Evaluation of Lipid Profile and Antioxidant Status in Hypertensive Smokers: A Case-control Study
Correspondence Address :
Dr. Bhagyajyothi M Bhat,
Associate Professor, Department of Biochemistry, Kanachur Institute of Medical Sciences, Mangalore-575018, Karnataka, India.
E-mail: dr.bhagyajyothi@kanachur.edu.in
Introduction: Hypertension and smoking are two independent risk factors for oxidative stress and dyslipidaemia, thereby development of cardio and cerebrovascular diseases are common.
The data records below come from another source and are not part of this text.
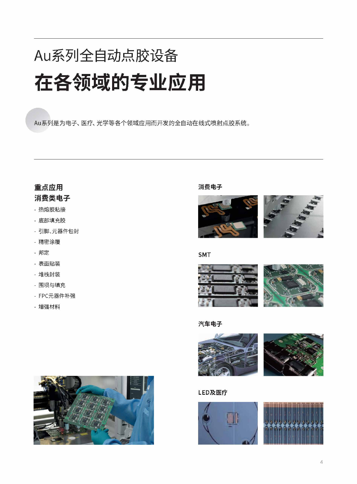 重点应用 消费类电子 热熔胶粘接 底部填充胶 引脚 、 元器件包封 精密涂覆 邦定 表面贴装 堆栈封装 围坝与填充 FPC 元器件补强 增强材料 消费电子 SMT 汽年电子 LED 及医疗 I m u Au 系列全自动点胶设备 在各领域的专业应用 Au 系列是为电子 、 医疗 、 光学等各个领域应用而开发的全自动在线式喷射点胶系统 。 r V ‘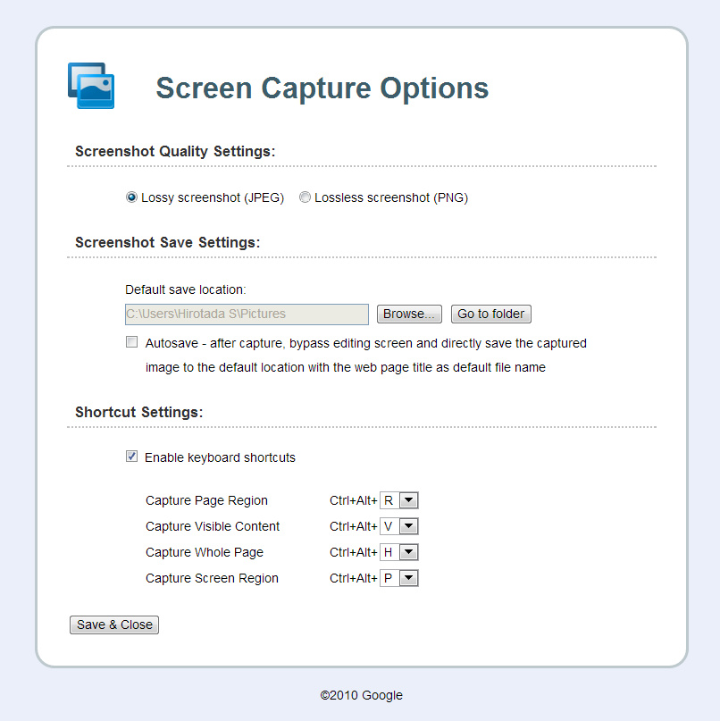 | Capture Screen Region | Ctrl+Alt+P | 見えている範囲(ブラウザのバーまで) |
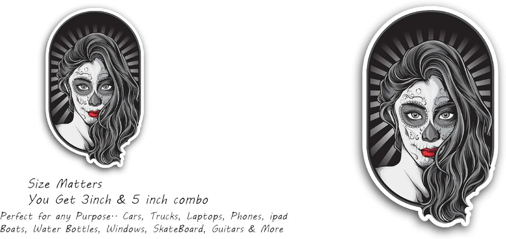 2 (Pieces) 3" and 5" Sugar Skull Lady Sticker, Waterproof Vinyl Decals for Many Purpose Like Cars, Trucks, Laptops, Phones, Windows and More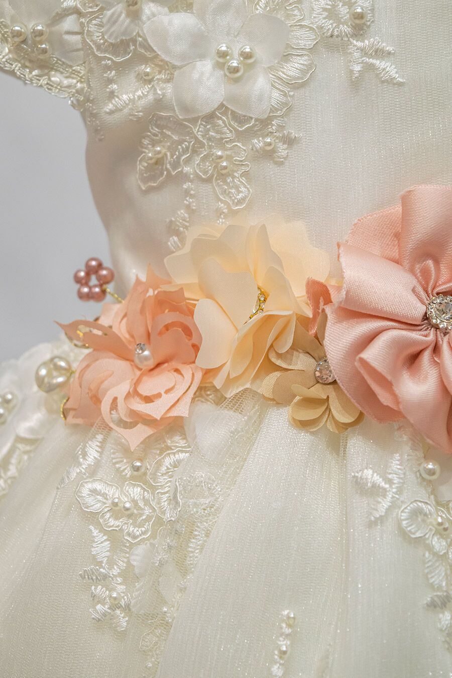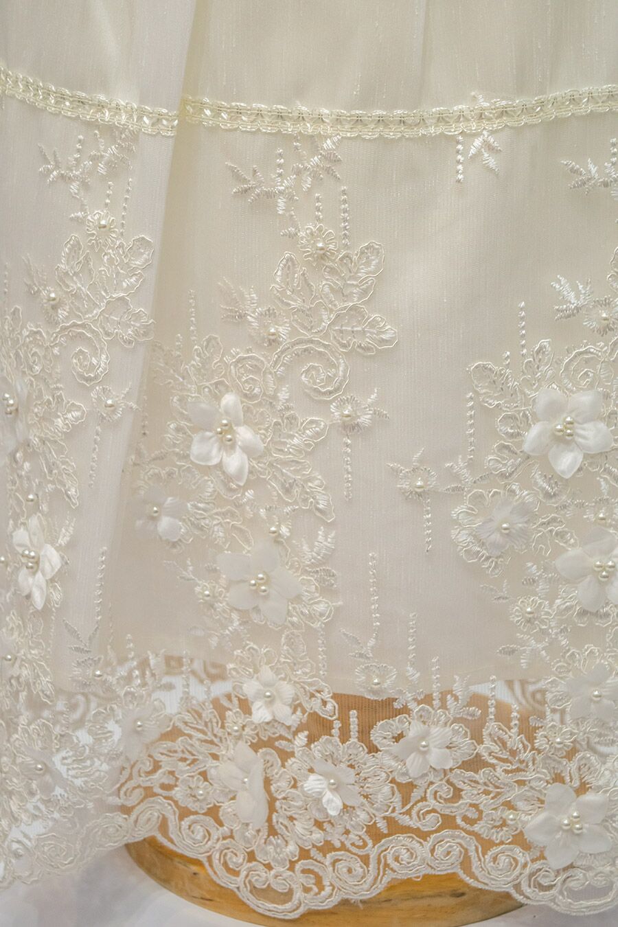 A beautiful girls baptism gown made from a shantung type fabric, made with made hand made appliques and embroidered in a traditional style. The gown in embellished with many ivory pearls that add shine and elegance to the gown.

The effect of smoking on oxidants, antioxidants and lipid profile in hypertensive individuals is the matter of concern.
Aim: To compare fasting serum lipid profile, Glutathione (GSH) and Thiobarbituric Acid Reactive Substances (TBARS) of hypertensive smokers and hypertensive non smokers.
Materials and Methods: This case-control study was conducted in the Department of Biochemistry, Kanachur Institute of Medical Sciences, Mangalore, Karnataka, India, between September 2021 to December 2021. The study population consisted of 58 hypertensive smokers and 58 hypertensive non smokers visiting the Department of Internal Medicine, tertiary care hospital. Height, weight, smoking intensity, family history of hypertension was recorded, fasting serum lipid profile, GSH and TBARS were estimated. Smoking intensity was expressed as pack-years. Body Mass Index (BMI) was calculated using the measured height and weight. The data were analysed using Chi-square test, independent sample t-test and Pearson’s correlation.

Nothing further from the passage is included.